PDF(Pubmed)
Abstract:
Pseudomonas syringae pv. tomato DC3000 (Pst DC3000) is able to infect many economically important crops and thus causes substantial losses in the global agricultural economy. Pst DC3000 can be divided into virulent lines and avirulent lines. For instance, the pathogen effector avrRPM1 of avirulent line Pst-avrRpm1 (Pst DC3000 avrRpm1) can be recognized and detoxified by the plant. To further compare the pathogenicity mechanisms of virulent and avirulent Pst DC3000, a comprehensive analysis of the acetylome and succinylome in Arabidopsis thaliana was conducted following infection with virulent line Pst DC3000 and avirulent line Pst-avrRpm1. In this study, a total of 1625 acetylated proteins encompassing 3423 distinct acetylation sites were successfully identified. Additionally, 229 succinylated proteins with 527 unique succinylation sites were detected. A comparison of these modification profiles between plants infected with Pst DC3000 and Pst-avrRpm1 revealed significant differences. Specifically, modification sites demonstrated inconsistencies, with a variance of up to 10% compared to the control group. Moreover, lysine acetylation (Kac) and lysine succinylation (Ksu) displayed distinct preferences in their modification patterns. Lysine acetylation is observed to exhibit a tendency towards up-regulation in Arabidopsis infected with Pst-avrRpm1. Conversely, the disparity in the number of Ksu up-regulated and down-regulated sites was not as pronounced. Motif enrichment analysis disclosed that acetylation modification sequences are relatively conserved, and regions rich in polar acidic/basic and non-polar hydrophobic amino acids are hotspots for acetylation modifications. Functional enrichment analysis indicated that the differentially modified proteins are primarily enriched in the photosynthesis pathway, particularly in relation to light-capturing proteins. In conclusion, this study provides an insightful profile of the lysine acetylome and succinylome in A. thaliana infected with virulent and avirulent lines of Pst DC3000. Our findings revealed the potential impact of these post-translational modifications (PTMs) on the physiological functions of the host plant during pathogen infection. This study offers valuable insights into the complex interactions between plant pathogens and their hosts, laying the groundwork for future research on disease resistance and pathogenesis mechanisms.
摘要:
丁香假单胞菌pv。

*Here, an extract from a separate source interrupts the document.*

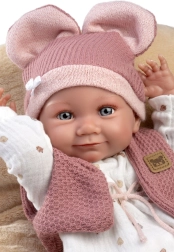 Тази реалистична кукла Llorens, ръчно изработена в Испания, предлага детайлна изработка на всеки аспект от бебешкото телце, включително сладки гънки и анатомични детайли. Бебето е напълно подвижно и може да седи благодарение на ставните съединения на крайниците. Виниловото тяло позволява куклата да се къпе удобно, с внимание към миглите. Повишената грижа осигурява по-дълъг живот.

番茄DC3000(PstDC3000)能够感染许多经济上重要的作物,因此在全球农业经济中造成重大损失。PstDC3000可分为毒系和无毒系。例如,无毒系Pst-avrRpm1(PstDC3000avrRpm1)的病原体效应子avrRPM1可以被植物识别和解毒。为了进一步比较强毒系PstDC3000和无毒系Pst-avrRpm1感染拟南芥后,对拟南芥的乙酰和琥珀酰进行了全面分析。在这项研究中,总共1625个乙酰化蛋白,包括3423个不同的乙酰化位点被成功鉴定.此外,检测到具有527个独特琥珀酰化位点的229个琥珀酰化蛋白。用PstDC3000和Pst-avrRpm1感染的植物之间的这些修饰谱的比较揭示了显着差异。具体来说,修改站点显示不一致,与对照组相比,差异高达10%。此外,赖氨酸乙酰化(Kac)和赖氨酸琥珀酰化(Ksu)在其修饰模式中显示出不同的偏好。观察到赖氨酸乙酰化在感染Pst-avrRpm1的拟南芥中表现出上调的趋势。相反,Ksu上调和下调位点的数量差异并不明显.基序富集分析揭示乙酰化修饰序列相对保守,和富含极性酸性/碱性和非极性疏水氨基酸的区域是乙酰化修饰的热点。功能富集分析表明,差异修饰的蛋白质主要富集在光合作用途径中,特别是与光捕获蛋白有关。总之,这项研究提供了感染PstDC3000毒系和无毒系的拟南芥中赖氨酸乙酰组和琥珀酰的有见地的概况。我们的发现揭示了这些翻译后修饰(PTM)在病原体感染期间对宿主植物生理功能的潜在影响。这项研究为植物病原体与其宿主之间的复杂相互作用提供了有价值的见解,为今后研究抗病性和发病机制奠定基础。